Depuis lors, les effusions de sang se sont multipliées. Le déplacement de populations a été énorme. Le terrorisme a atteint des proportions sans précédent. Des droits de l'Homme et des normes juridiques internationales ont été bafoués. L'intervention dans les affaires intérieures d'autres États s’impose comme une pratique. Le Moyen-Orient semblait être lointain. Aujourd'hui, la menace plane sur notre Amérique latine.

Face à l'offensive accélérée et oppressive du capitalisme dans sa phase la plus agressive, en violation du Droit international, de la souveraineté et de l'identité des peuples par la conjonction de la domination économique, du déploiement militaire, du discrédit de la politique et de la manipulation sophistiquée des consciences, le socialisme propose une alternative aux pays du tiers monde et aussi – à une autre échelle – en faveur de la préservation de la planète.

Adapté dans sa pratique et sa formulation théorique à la spécificité historique de chaque nation, à l'analyse concrète de son degré de développement, de ses traditions et de ses cultures, éloigné du transfert mécanique d'autres modèles, le socialisme pose les bases d'une authentique souveraineté nationale, soutient une justice sociale croissante et défend le respect dû à la dignité humaine.

Vue dans son intégralité, la Constitution articule la projection dans l'avenir et les exigences du présent. Elle maintient vivante la perspective d'une société communiste. Elle établit les bases conceptuelles du corps juridique qui doit s'adapter aux changements opérés dans la société cubaine relatifs aux formes de propriété et aux garanties pour l'investissement étranger.

Contrairement au libre jeu du marché, elle affirme les prérogatives de l'État en tant que représentant de la souveraineté populaire. Elle sous-tend les fondements normatifs qui doivent régir le fonctionnement des tribunaux et du ministère public en tant que garantie des biens du peuple et des droits des individus.

Elle préserve l'accès universel et gratuit à la santé publique et à l'éducation. Elle accorde par-dessus tout la priorité absolue, selon la tradition de José Marti, au respect de la dignité humaine.

En conséquence, elle consacre une partie importante de son contenu à la formulation des droits et des devoirs des citoyens, sur la base du respect dû à la personne humaine. Elle condamne toutes les formes de discrimination fondées sur la race, l'origine ethnique, l'origine sociale, le genre, le handicap et l'orientation sexuelle. Elle actualise le concept de la famille en reconnaissant la diversité de ses formes et de sa constitution.

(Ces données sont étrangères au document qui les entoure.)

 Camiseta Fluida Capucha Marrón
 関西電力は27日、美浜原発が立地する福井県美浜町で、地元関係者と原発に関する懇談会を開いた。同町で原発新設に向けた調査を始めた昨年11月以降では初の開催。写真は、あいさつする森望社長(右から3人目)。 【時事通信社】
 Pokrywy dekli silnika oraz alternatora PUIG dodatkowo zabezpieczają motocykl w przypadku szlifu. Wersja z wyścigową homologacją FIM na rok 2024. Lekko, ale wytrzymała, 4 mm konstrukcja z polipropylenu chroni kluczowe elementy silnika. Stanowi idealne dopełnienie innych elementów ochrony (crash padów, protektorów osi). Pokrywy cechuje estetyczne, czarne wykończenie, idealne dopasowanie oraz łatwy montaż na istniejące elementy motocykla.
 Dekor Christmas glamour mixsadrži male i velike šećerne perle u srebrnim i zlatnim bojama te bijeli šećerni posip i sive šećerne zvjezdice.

Elle légitime ainsi une réalité qui existe à l’heure actuelle et qui puise ses racines dans le passé et cachées sous le manteau de l'hypocrisie, source de préjugés nuisibles, hérités de la partie la plus sombre de notre tradition culturelle.

Elle ratifie les droits des enfants et des adolescents, ainsi que les devoirs correspondants à la maternité et à la paternité, ceux des enfants vis-à-vis de leurs parents et de leurs grands-parents. Dans ce domaine, elle condamne l'exercice de toutes les formes de violence, au regard des conséquences physiques, psychologiques et sociales qui peuvent découler de ces comportements.

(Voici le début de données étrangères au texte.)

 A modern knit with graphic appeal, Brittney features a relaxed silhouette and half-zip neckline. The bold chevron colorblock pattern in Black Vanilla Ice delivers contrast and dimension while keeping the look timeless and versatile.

En tant que Loi des lois, la Constitution établit les principes fondamentaux qui présideront à la société que nous construisons. C'est le point de départ conceptuel d'une législation complémentaire qui devra être élaborée immédiatement et qui sans doute nécessitera également la révision de nos Codes civil et pénal. Elle fixe les règles d'un devoir être, à la façon d’un guide d'action pour corriger les problèmes latents dans notre réalité actuelle, entachée par le bureaucratisme, le décalage entre les prix et les salaires, les dessous-de-table, la corruption, la complicité, la négligence et la complaisance face au travail mal fait.

Conçu avec la participation de tous et pour le bien de tous, le débat sur la Constitution a constitué un exercice démocratique. Il a apporté des propositions qui ont amélioré la version originale. Tout aussi important, la contribution au développement d'une conscience citoyenne, responsable et engagée dans la destinée du pays, étape décisive pour l'affirmation de l'indispensable soumission à l'état de droit au bénéfice de la nation et de ceux qui partagent l'espace de l'Île.